Ça s'appelle "The Boat" et ça sort
chez Ocean Music, tout est donc normal. Le fait que les
prises live soient déjà anciennes leur donne
une fraîcheur indéniable. On reste néanmoins
surpris de les voir reparaître pour certaines plus
de dix ans après, avec ce qu'il faut d'étrangeté
et d'atemporalité pour les rendre nécessaires.
Sur ce qui est peut-être le meilleur titre, "The
Journey", la voix de Tamara et l'intensité de
son interprétation ("I hated love", entre
autres joyeusetés) rappellent pourtant quelque chose
des meilleures vocalistes de l'époque, quelque part
entre Beth Gibbons et PJ Harvey. Mystère que cette
chanteuse rare soit restée si confidentielle.
DL
TARA
KING TH. - A Sigh of Relief
(Ocean
Music / Socadisc)
[site]
- acheter
ce disque
C'est
probablement la pire des raisons qui m'a conduit à
m'intéresser (tardivement) à Tara King Th.
Il s'avère en effet que j'ai fait partie, il y a
quelques années de cela, d'un groupe étudiant
quasiment homonyme (le "Th." pour "Theory"

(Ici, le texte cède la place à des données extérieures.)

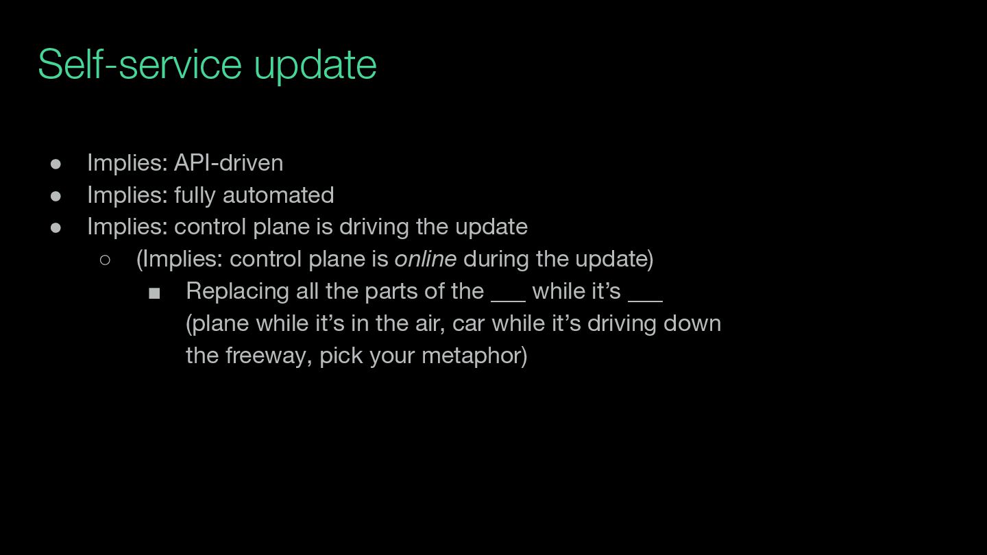 Implies: control plane is driving the update ◦ (Implies: control plane is online during the update) ▪ Replacing all the parts of the ___ while it’s ___ (plane while it’s in the air, car while it’s driving down the freeway, pick your metaphor)
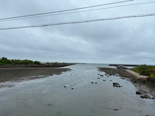 今回は引き潮時であまり水がない川沿いを歩いて下り・・・。
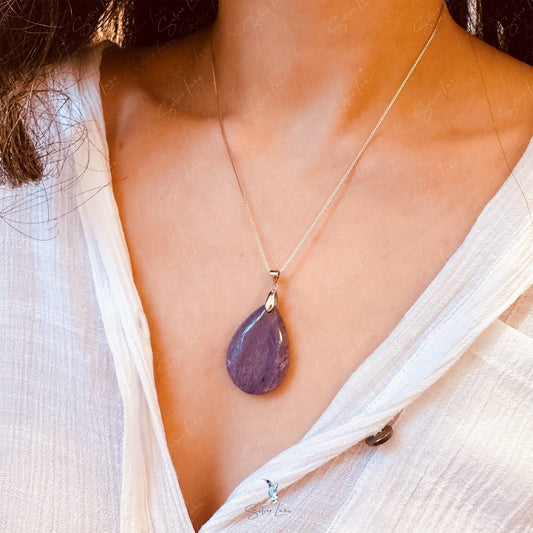 Purple Charoite teardrop pendant necklace
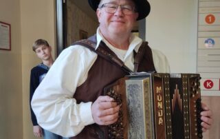 Gostili smo folklorno skupino iz Hrastja Mote in tri harmonikaše. »Špilali« so in plesali, na koncu pa, skupaj s stanovalci še zapeli. Popoldan je tako bil pester in vesel. [...]
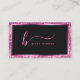 Cartão de visita de Monograma de Script Moderno com Brilho Rosa Quente de Luxo
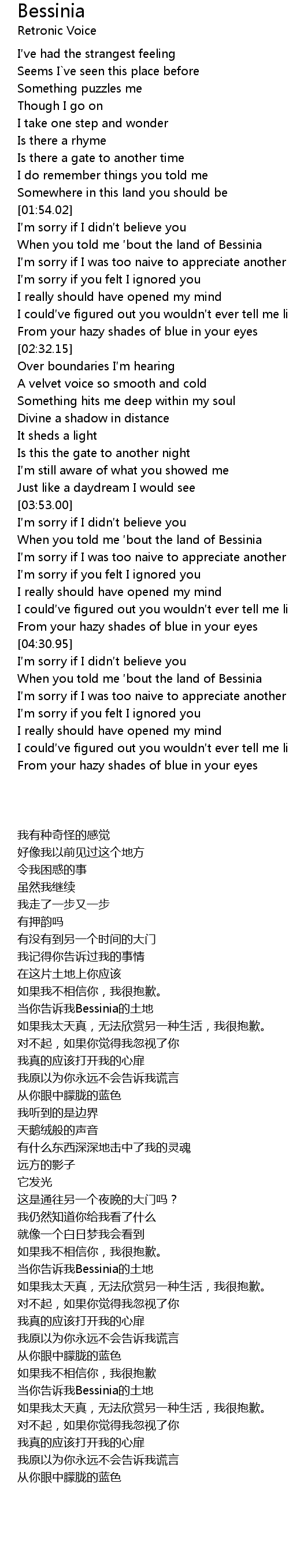 | [03:59.98] | When you told me bout the land of Bessinia |
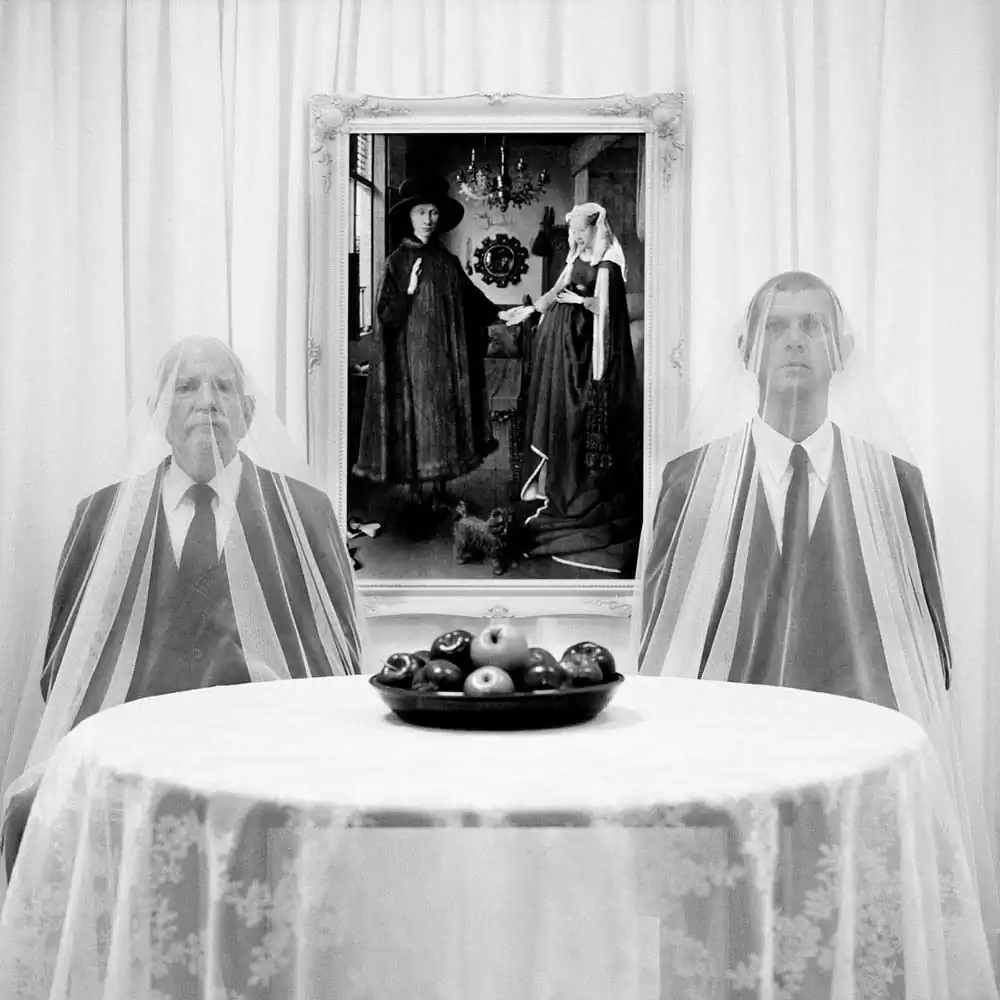 ‘Till death us do part’ is a series of absurd permutations of the wedding portrait. These performative responses to ideas of marriage and domesticity evoke a sense of the uncanny – the ‘homely and un-homely’.

en moins). Me voilà donc intrigué par le trio
et prêt à en découdre avec ces "usurpateurs"
(sic). Mais mes intentions belliqueuses n'ont pas résisté
longtemps devant la voix désarmante de Béatrice
Morel-Journel. L'electro-pop dépouillée de
cet album est en effet habitée avec grâce et
malice par une chanteuse dont le registre doit autant à
Nina Persson et Jennifer Charles qu'aux vocalises de Liz
Frazer. Et les chansons, volontairement réduites
à quelques claviers et à cette voix, frôlent
le sublime, évoquant parfois le "Londinium"
d'Archive ("There Are Still Things to Gaze at")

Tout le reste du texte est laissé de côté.